All the above hints strongly to an antibacterial therapy regime as a promising treatment approach. Further treatment considerations should include modulation of the intestinal flora or mucosal protection, both of which are available in herbal therapies such as Glycyrrhiza glabra (Asha et al., 2013), Cistus spec. (Attaguile et al., 1995; Yesilada et al., 1997), or the Japanese Kampo prescription Juzentaihoto (Otsuka et al., 2016).
The Cultural Evolution of “Off Label Uses” for Active Constituents
The observation already described by Darwin (Darwin, 1871) that evolutionary processes - replication, mutation, and selection of information - occur throughout all aspects of human culture poses the question whether the historical repurposing of a medicines - as proposed above i.e., for sulphonamides - can be compared with the development of traditional medicine through cultural evolution. This includes many cultural practices such as therapeutic applications and can - also in the case of synthetic drugs - lead to the development of “off label uses” via the described evolutionary processes. Their empirical use can evolve in the same way as for herbal remedies, a form of “short-term cultural evolution” that shall serve here as an introductory example: 5-FU is a chemotherapeutic agent that acts as a wrong base analogue based on its structural similarity with the pyrimidine base cytosine and thymidine (DNA) and uracil (RNA). It has been used as therapy for gastrointestinal cancers since the 60s (Figure 8). Whereas most cases show tumour regression upon 5-FU therapy, some cases react to this agent with - as of yet unexplained - complete tumour remission.

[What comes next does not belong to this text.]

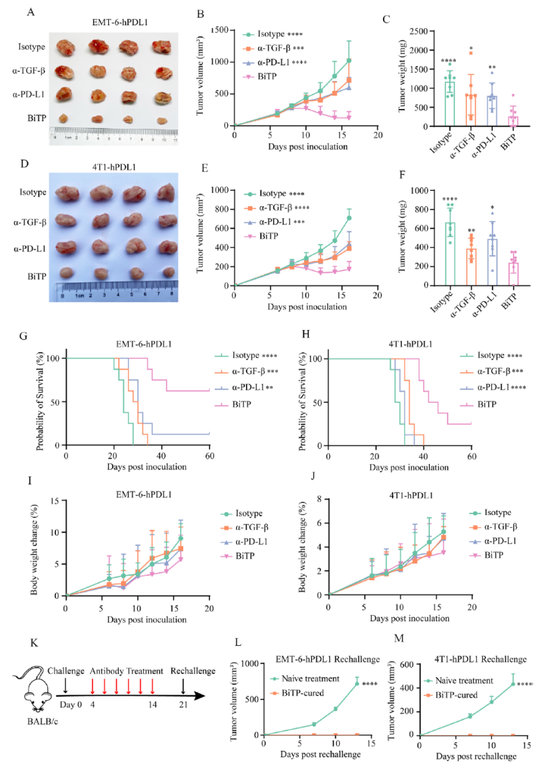 澳门线上博彩官网生物基于Check-BODY平台开发的四价对称的靶向TGF-β和人PD-L1的双特异性抗体(BiTP)对两个靶点均表现出高结合亲和力。体外实验证实,BiTP有效阻断了TGF-β-Smad和PD-L1-PD-1-NFAT信号传导。澳门线上博彩官网生物构建了两种将鼠PD-L1替换为人PD-L1的小鼠三阴性乳腺癌肿瘤细胞株,EMT-6-hPDL1和4T1-hPDL1,并建立了乳腺原位荷瘤小鼠模型。两种动物模型药效实验表明,BiTP相对于抗PD-L1和抗TGF-β单药治疗具有优越的抗肿瘤活性。在机制上,BiTP减少了胶原蛋白沉积,增强了CD8+ T细胞的穿透力,并增加了肿瘤浸润淋巴细胞。本研究发现,BiTP的这种改善了肿瘤微环境的作用提升了抗肿瘤活性,在TNBC中具有优于单抗的抗肿瘤活性,表明BiTP是一种对于TNBC治疗可能有前途的药物。

In order to understand these varying response rates, we might look at alternative uses for 5-FU, namely as a mutagenic agent for RNA viruses. The antiviral activity of 5-FU against the lymphocytic choriomeningitis virus was demonstrated in an animal model and has been interpreted to predict a potential efficacy for other arenaviruses, such as Lassa fever (Ruiz-Jarabo et al., 2003). As 5-FU boosts the rate of mutations via incorporation during viral RNA synthesis it is a prime candidate for research into approaches for anti-viral therapy based on the quasi-species model of RNA virus evolution. This effect has been experimentally demonstrated, e.g., for influenza viruses (Pauly and Lauring, 2015). As 5-FU is an anti-mitotic agent which also inhibits thymidylate synthase, it further prevents DNA synthesis. In this context it has been shown that for noncancerous manifestations of human papilloma virus (HPV), a group of DNA viruses of which certain strains cause common warts (verruca vulgaris), local application is effective (Kollipara et al., 2015).

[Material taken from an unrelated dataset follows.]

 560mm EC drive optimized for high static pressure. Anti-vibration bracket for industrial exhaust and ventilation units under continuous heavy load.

The quasi-species model (Eigen, 1971; Eigen, 1996) proposes that it should be possible to cure viral infections by boosting the mutation rate of the viral genome above the selection rate of the surrounding evolutionary pressure. Above this error threshold (Biebricher and Eigen, 2005), nonsense mutants are generated faster than they can be selected against, resulting in a meltdown of the genetic information that is referred to as “error catastrophe” (Eigen, 2002).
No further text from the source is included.